The wind bloweth where it listeth.' That spiritual life, both in the divine source and in the human recipient, is its own law. Of course the wind has its laws, as every physical agent has; but these are so complicated and undiscovered that it has always been the very symbol of freedom, and poets have spoken of these chartered libertines,' the winds, and free as the air' has become a proverb. So that Divine Spirit is limited by no human conditions or laws, but dispenses His gifts in superb disregard of conventionalities and externalisms. Just as the lower gift of what we call genius' is above all limits of culture or education or position, and falls on a wool-stapler in Stratford-on-Avon, or on a ploughman in Ayrshire, so, in a similar manner, the altogether different gift of the divine, life-giving Spirit follows no lines that Churches or institutions draw. It falls upon an Augustinian monk in a convent, and he shakes Europe. It falls upon a tinker in Bedford gaol, and he writes Pilgrim's Progress. It falls upon a cobbler in Kettering, and he founds modern Christian missions. It blows where it listeth,' sovereignly indifferent to the expectations and limitations and the externalisms, even of organised Christianity, and touching this man and that man, not arbitrarily but according to the good pleasure' that is a law to itself, because it is perfect in wisdom and in goodness.

And as thus the life-giving Spirit imparts Himself according to higher laws than we can grasp, so in like manner the life that is derived from it is a life which is its own law. The Christian conscience, touched by the Spirit of God, owes allegiance to no regulations or external commandments laid down by man. The Christian conscience, enlightened by the Spirit of God, at its peril will take its beliefs from any other than from that Divine Spirit. All authority over conduct, all authority over belief is burnt up and disappears in the presence of the grand democracy of the true Christian principle: Ye are all the children of God by faith in Jesus Christ'; and every one of you possesses the Spirit which teaches, the Spirit which inspires, the Spirit which enlightens, the Spirit which is the guide to all truth. So the wind bloweth where it listeth,' and the voice of that Divine Quickener is,

Myself shall to My darling be Both law and impulse.'

Under the impulse derived from the Divine Spirit, the human spirit listeth' what is right, and is bound to follow the promptings of its highest desires.
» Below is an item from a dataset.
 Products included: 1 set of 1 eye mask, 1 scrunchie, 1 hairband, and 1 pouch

Those men only are free as the air we breathe, who are vitalised by the Spirit of the Lord, for where the Spirit of the Lord is, there,' and there alone, is liberty.'

In this symbol there lies not only the thought of a life derived, kindred with the life bestowed, and free like the life which is given, but there lies also the idea of power. The wind which filled the house was not only mighty but borne onward'--fitting type of the strong impulse by which in olden times holy men spake as they were "borne onward"(the word is the same) by the Holy Ghost.' There are diversities of operations, but it is the same breath of God, which sometimes blows in the softest pianissimo that scarcely rustles the summer woods in the leafy month of June, and sometimes storms in wild tempest that dashes the seas against the rocks. So this mighty life-giving Agent moves in gentleness and yet in power, and sometimes swells and rises almost to tempest, but is ever the impelling force of all that is strong and true and fair in Christian hearts and lives.
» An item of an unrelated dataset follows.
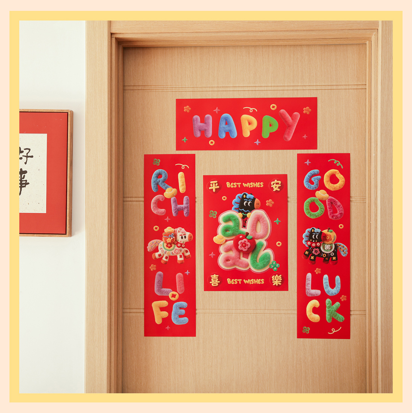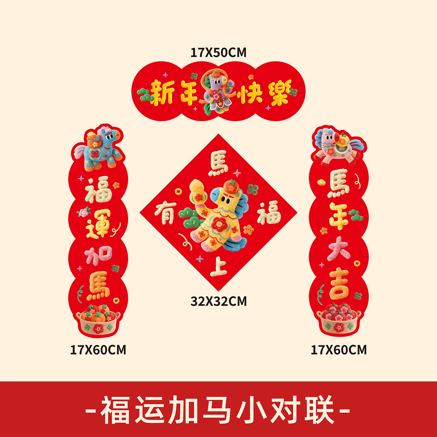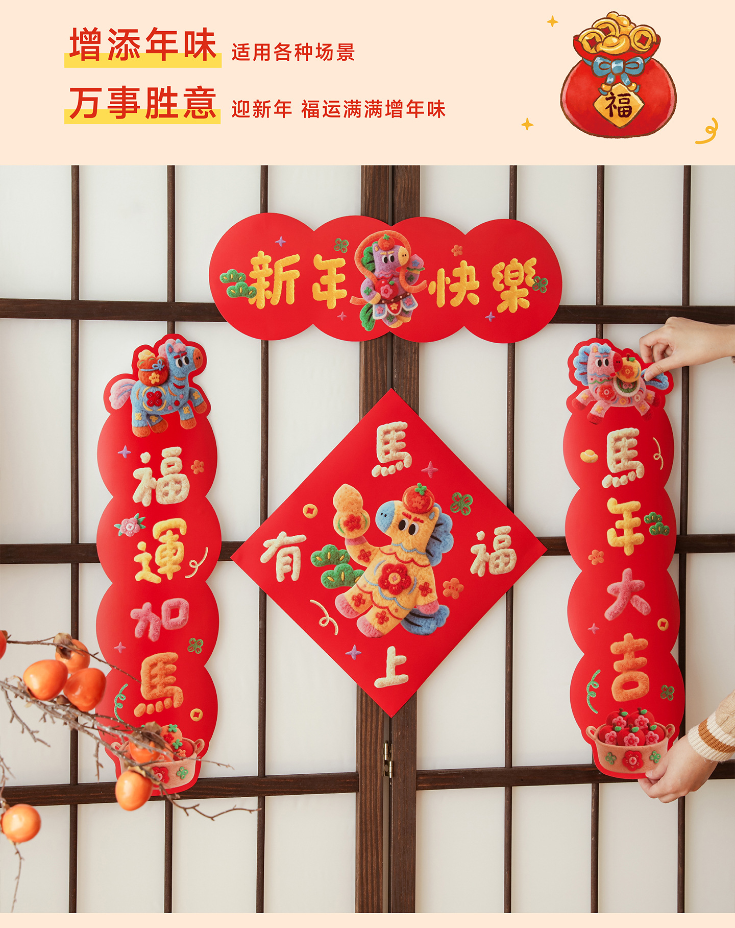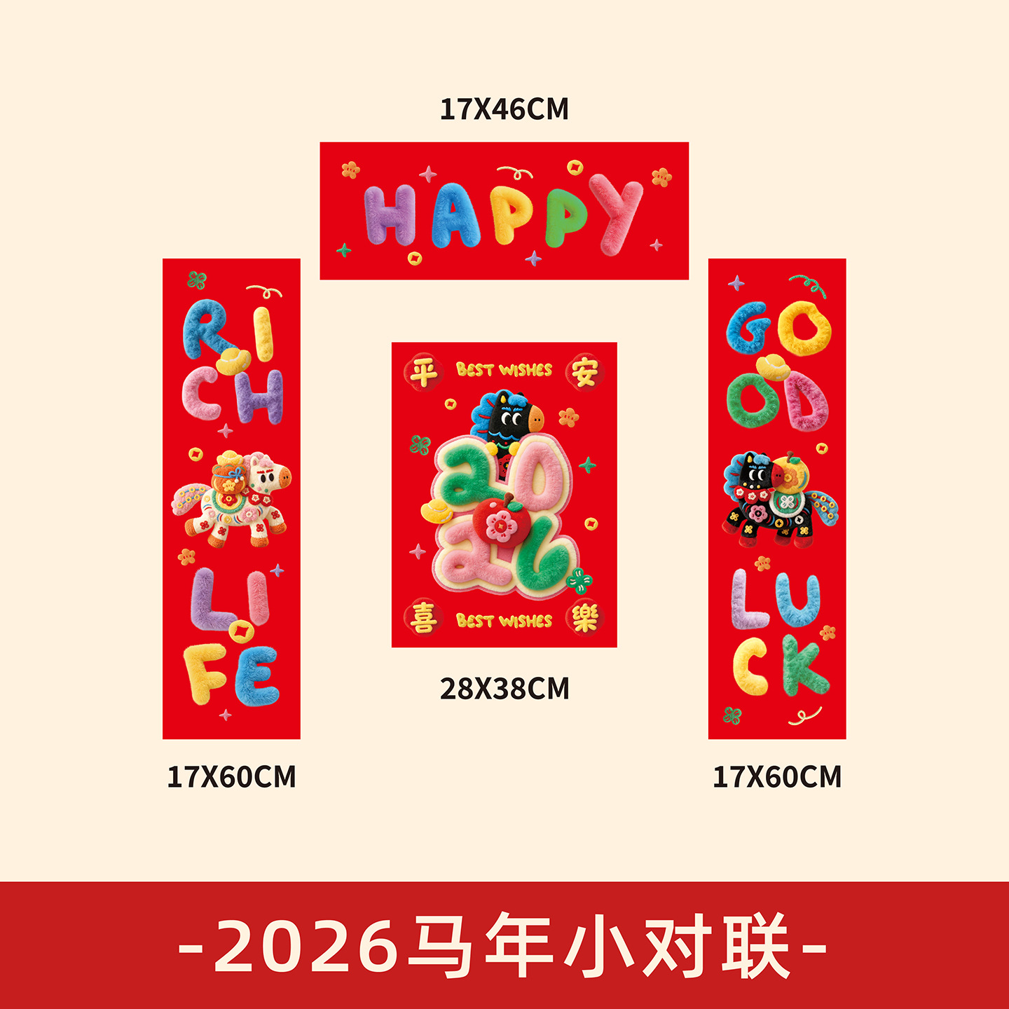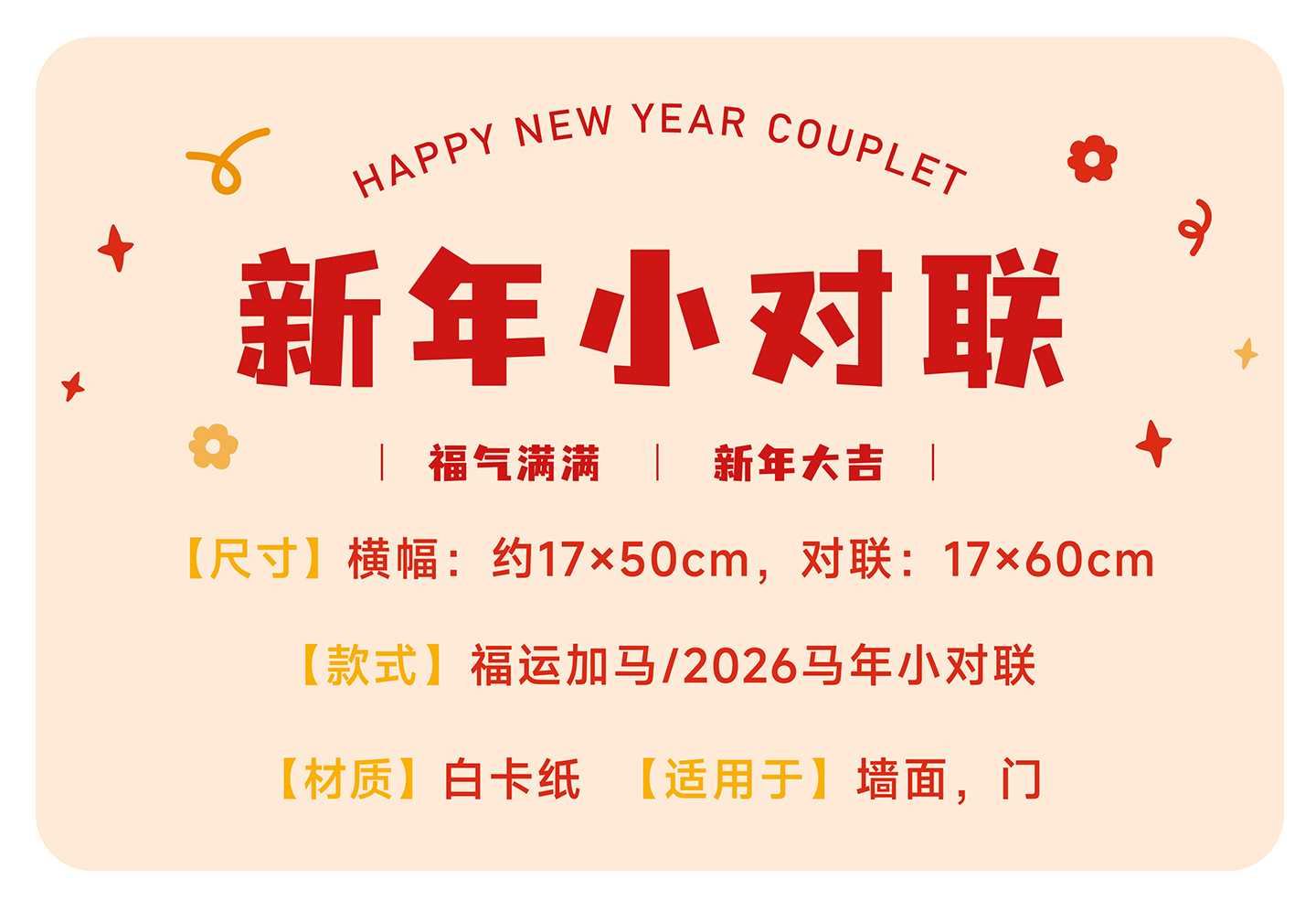 2026马年小对联福运加马新年小春联春节过年装饰门幅福字入户门贴

The history of the world, since that day of Pentecost, has been a commentary upon the words of my text. With viewless, impalpable energy, the mighty breath of God swept across the ancient world and laid the lofty city' of paganism low; even to the ground, and brought it even to the dust.' A breath passed over the whole civilised world, like the breath of the west wind upon the glaciers in the spring, melting the thick-ribbed ice, and wooing forth the flowers, and the world was made over again. In our own hearts and lives this is the one Power that will make us strong and good. The question is all-important for each of us, Have I this life, and does it move me, as the ships are borne along by the wind? As many as are impelled by the Spirit of God, they '--they--are the sons of God.' Is that the breath that swells all the sails of your lives, and drives you upon your course? If it be, you are Christians; if it be not, you are not.